Patel and Sebastiani studied the various laboratory-based and radiation-based non-invasive tests (NITs) for the assessment of liver fibrosis and concluded that vibration-controlled transient elastography (VCTE) was a rapid, safe, and reproducible procedure for liver stiffness measurement (LSM) assessment that can be performed at the bedside with immediate results, and it represents a true point-of-care assessment and is the most widely used and validated technique for non-invasive imaging assessment of liver fibrosis. They also concluded that understanding the strengths and limitations of NITs would allow for more judicious interpretation in the clinical context, where NITs should be viewed as complementary to, rather than as a replacement for, liver biopsy [22].
In a recent study, Goyale et al. studied 105 adult patients with varying severity of NAFLD in a prospective, cross-sectional study.
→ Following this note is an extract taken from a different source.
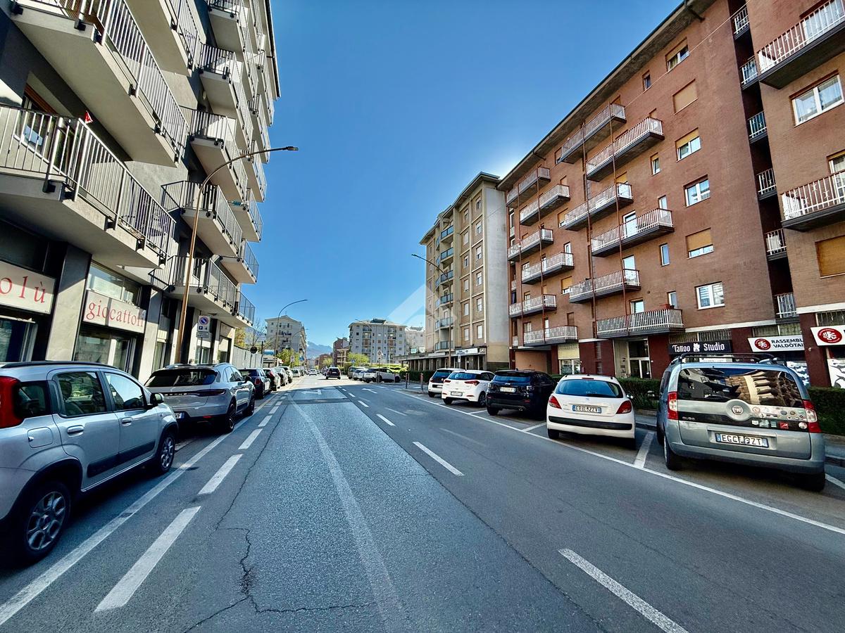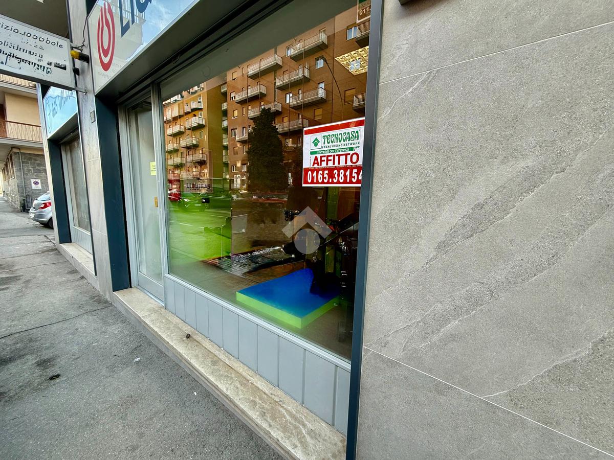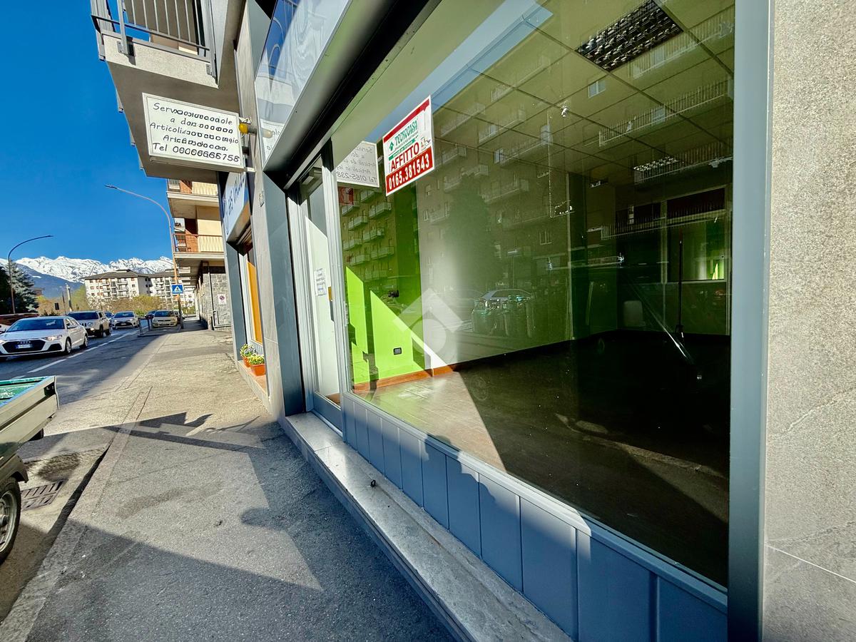 Aosta, via Chambery. In zona ad alto flusso veicolare negozio al piano terra con una vetrina fronte strada che dona una buona luminosità e visibilità agli spazi interni.

They concluded from their work that FibroScan was an accurate and accepted non-invasive tool that has shown concordance with liver biopsy results. In practice, NAFLD disease severity is usually assessed by a combination of the non-invasive clinical, biochemical, and sonographic parameters, with liver biopsy being reserved for patients with suspected progressive or advanced disease [23].
Eddowes et al. estimated the accuracy of Fibroscan vibration-controlled transient elastography liver stiffness measurement (LSMs) in assessing fibrosis in patients with suspected NAFLD in comparison with the standard-of-care liver biopsy. They found that LSM assessment achieved an area under the receiver operating characteristic curves (AUROC) values ranging from 0.80 to 0.89 for F3 and F4 cases. They concluded that LSMs by FibroScan are accurate non-invasive methods for assessing liver steatosis and fibrosis in patients with NAFLD [24]. In the current work, LSMs by FibroScan showed a good correlation with each FIB-4 score and NAFLD fibrosis score with AUROC of 0.81–1.0 and 0.59–0.88, respectively, in advanced cases ≥ F3.